Edgewood Mayor John Bassett

Copyright © 2020 Albuquerque Journal

SANTA FE – First Judicial District Judge Maria Sanchez-Gagne declined to set aside previously held judgments against Edgewood Mayor John Bassett for violating the town’s nepotism ordinance during a hearing Tuesday. As a result, Bassett is subject to removal from office and a possible misdemeanor crime for appointing his first cousin to the town’s Planning and Zoning Commission.

Shortly after he was elected mayor in March 2016, Bassett appointed his first cousin, Cheryl Huppertz, to the commission. He reappointed her again in 2018 but she resigned after concerns were raised about a nepotism violation last year.

On Tuesday, Sanchez-Gange ruled Bassett couldn’t be represented by the town attorney because it would be a conflict of interest, which was brought up in a motion filed by town councilors Sherry Abraham and Audrey Jaramillo.

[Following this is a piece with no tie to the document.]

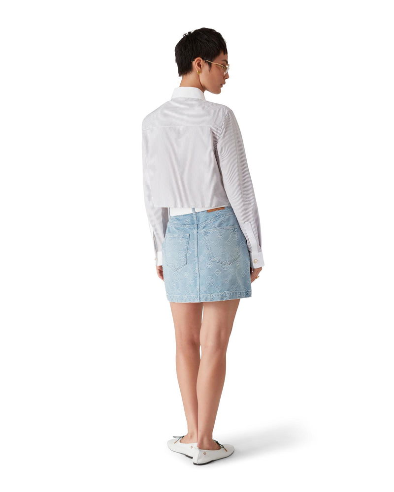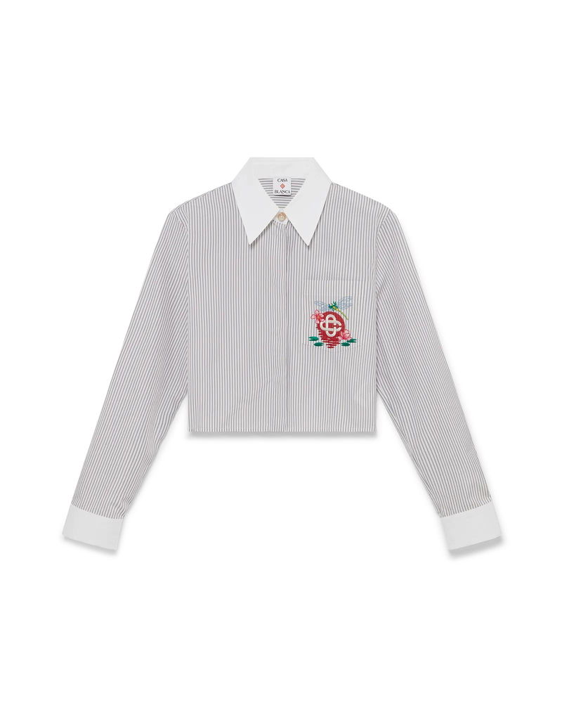 The stripe cropped long-sleeve shirt is a short style crafted from a cotton barré fabric.

Town attorney Marcus Rael previously filed a motion to set aside Sanchez-Gagne’s judgments, which Abraham and Jaramillo said the attorney didn’t have the authority to do without the council’s permission. Rael said he was acting in the mayor’s defense, which they also asserted he couldn’t do without their permission.

Rael didn’t respond to calls from the Journal requesting comment Wednesday.

“Our stance is that the mayor needs to defend himself,” Abraham said. “He should not be defending himself with citizen taxpayer money. The governing body needs to authorize that if that’s going to happen.”

The case against Bassett and the town of Edgewood was filed in February by town residents Thomas McGill, Jerry Powers and Howard Calkins. According to them, Bassett is no longer the mayor of Edgewood.

“I believe that a reasonable interpretation of the court’s judgment is that he is no longer Mayor for the town of Edgewood,” said Adrian Terry, attorney for the plaintiffs. “That judgment has not been executed by force, as in the sheriff executing a writ, but we are going to request that a writ be issued if the mayor intends to proceed any further in local government.”

The court case aside, Edgewood residents voted in August to transition from a council-mayor to a commission-manager form of government. The transition could take more than a year to take effect.

The parties must now prepare an order to determine how, and if, the town plans to proceed with the lawsuit, which is due Friday.

Bassett said he plans to appeal any decision against him, claiming he still hasn’t had his day in court and wasn’t properly served with the court case. Sanchez-Gagne ruled in Tuesday’s hearing that the defendants were properly served.

“Well, the charges in the lawsuit are totally bogus,” Bassett said. “They’ve conjured them up from a number of events and things that happened over the period of my term here. And then they turn them around and they reverse engineer them, claiming there’s some kind of giant conspiracy or criminal enterprise that I’m running. Nothing could be further from the truth.”

Bassett accused the plaintiffs in the case of working with the water company EPCOR to get him removed because the town, under his direction, was trying to purchase the utility company. Terry refuted that allegation.

Bassett also said Huppertz was serving on the commission under the previous mayor and he just continued with her approval. He said he thought everyone knew she was his first cousin.